Her father was John J. Cooke. Her mother was Hope Noyes (the former Mrs. James Mulford Townsend Jr.), an amateur pilot who, at the age of 25 in January 1942, died when the plane she was flying solo crashed in Nevada; suicide was suspected.

After her parents' divorce in November 1941, Cooke and her half-sister, Harriet Townsend, were raised by her maternal grandparents, Helen (Humpstone) and Winchester Noyes, the president of J.H. Winchester & Co., an international shipping brokerage. Following their deaths, Cooke became the ward of her aunt and uncle, Mary Paul (Noyes) and Selden Chapin, a former U.S. ambassador to Iran and Peru.

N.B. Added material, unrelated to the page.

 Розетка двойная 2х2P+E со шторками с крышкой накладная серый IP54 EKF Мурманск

[edit] Marriage to the Crown Prince of Sikkim

In 1959, Cooke, then a freshman at Sarah Lawrence, met Palden Thondup Namgyal, Crown Prince of Sikkim, in the bar of the Windamere Hotel in Darjeeling, India. He was then a widower nearly twice her age.

Four years later, Cooke, an Episcopalian, married the Crown Prince in a Buddhist monastery on 20 March 1963, an act which caused her to be dropped from the Social Register. He became monarch of Sikkim nine months later but was deposed in 1973 and confined to his palace under house arrest. The couple had two children, Palden and Hope Leezum; she also has two stepsons and a stepdaughter from her husband's first marriage.

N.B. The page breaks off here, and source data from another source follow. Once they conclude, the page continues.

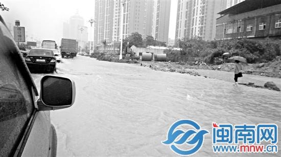 双龙路梅岭街道路段积水成河海都讯 不到两个小时,多处路段积水,10多辆小车熄火泡在积水中。昨天下午3时起,晋江内坑、磁灶和安海三镇突降暴雨,出现交通拥堵。
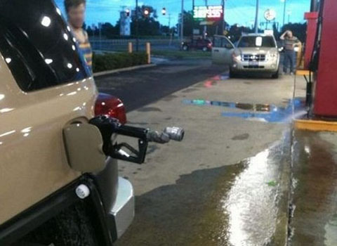 주유기 해체한 남자의 사진을 보면 황당하기 그지없다. 주유소에서 기름을 넣던 남자는 주유기를 해체해 버렸다. 해체된 주유기는 자동차 주유구에 꽂혀 있고, 주유소 바닥은 기름으로 흥건하다.
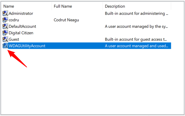 wszystkie konta użytkowników utworzone na komputerze z systemem Windows; Administrator – wbudowane konto tworzone przez system Windows niezależnie od tego, czy z niego korzystasz, czy nie, tworzone przez system operacyjny w celach administracyjnych; DefaultAccount — konto użytkownika zarządzane przez system Windows; Gość-kolejne wbudowane konto, które może służyć jako gość na komputerze lub domenie; WDAGUtilityAccount — zarządzane i używane przez program antywirusowy Microsoft Defender do uruchamiania określonych procesów (takich jak przeglądarka Microsoft Edge) w środowiskach piaskownicy/zwirtualizowanych.
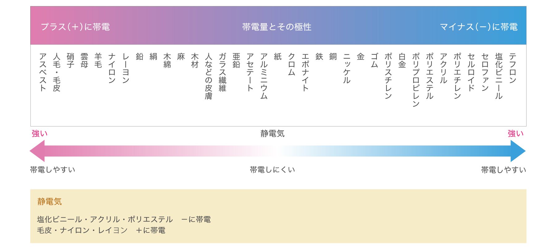 通常、様々な物質は+-(正負)の電位をほぼ同量もっていてバランスを保っていますが、 物質同士が触れ合い摩擦が起きることで物体は+-どちらかの電位かを多くもった偏った状態になります。これを帯電といいます。
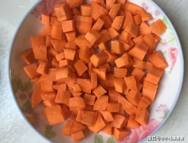 製作步驟1:將準備好的胡蘿蔔洗乾淨,將皮去掉後切成丁,將小米用清水泡2個小時。
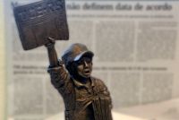 Audiodescrição: fundo com jornal desfocado. Em destaque está a parte superior da estátua - “O Jornaleiro” - oferecida aos vencedores do Prêmio de Jornalismo do TCE-RS: A imagem que aparece em tom de bronze é a de um menino vendedor de jornais, usando um boné, com um maço de exemplares embaixo do braço esquerdo, pressionado contra o corpo e um jornal erguido com o braço direito levantado. Neste jornal pode-se ver no espaço do título a sigla “TCE-RS”.
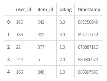 : user_id, item_id, rating, timestamp 4개 data가 담긴 dataset
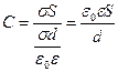 Емкостью конденсатора называется величина численно равная отношению заряда, накопленного на конденсаторе, к разности потенциалов между его обкладками,
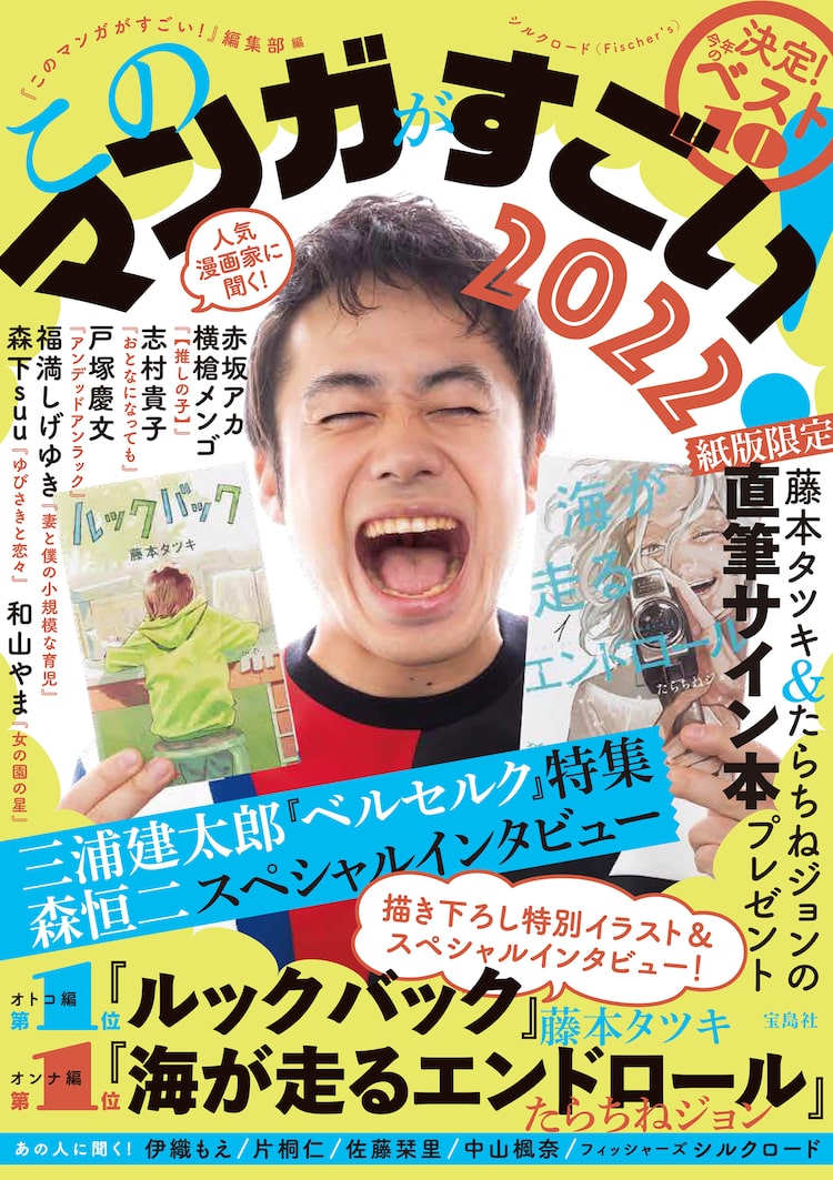 宝島社が毎年発行しているマンガ紹介本の最新版「このマンガがすごい!2022」が、12月9日に発売される。そのオトコ編1位が藤本タツキ「ルックバック」、オンナ編1位がたらちねジョン「海が走るエンドロール」と発表された。
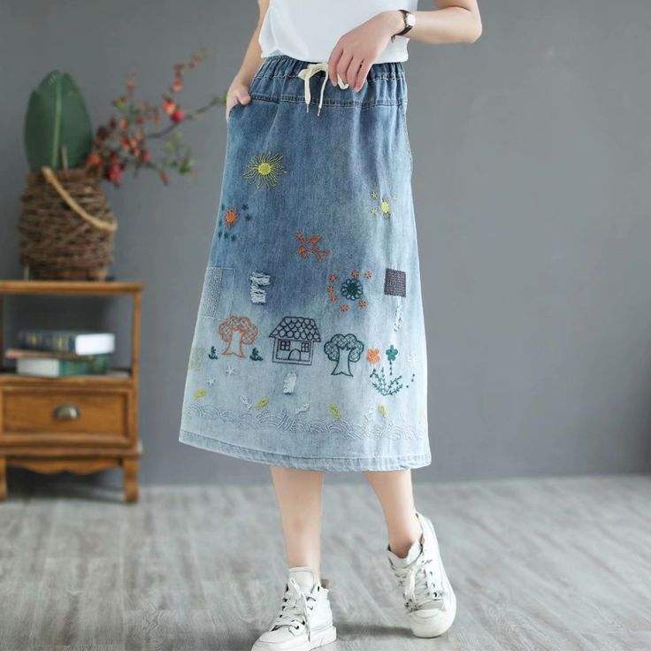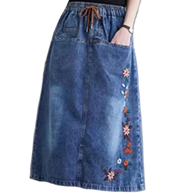 Mots clés:Jupe longue fendue imprimée en denim

The Chogyal and his wife separated soon after he was overthrown, and she moved to Manhattan, where she raised her children. The royal couple divorced in 1980, and the Chogyal died of cancer in 1982.

[edit] Today

Cooke is now married to Michael Wallace, a history professor at the John Jay College of Criminal Justice, and is a tour guide and historian in New York City. She lives in Brooklyn Heights, New York. She wrote a well-reviewed memoir of her time in Sikkim; it is called Time Change.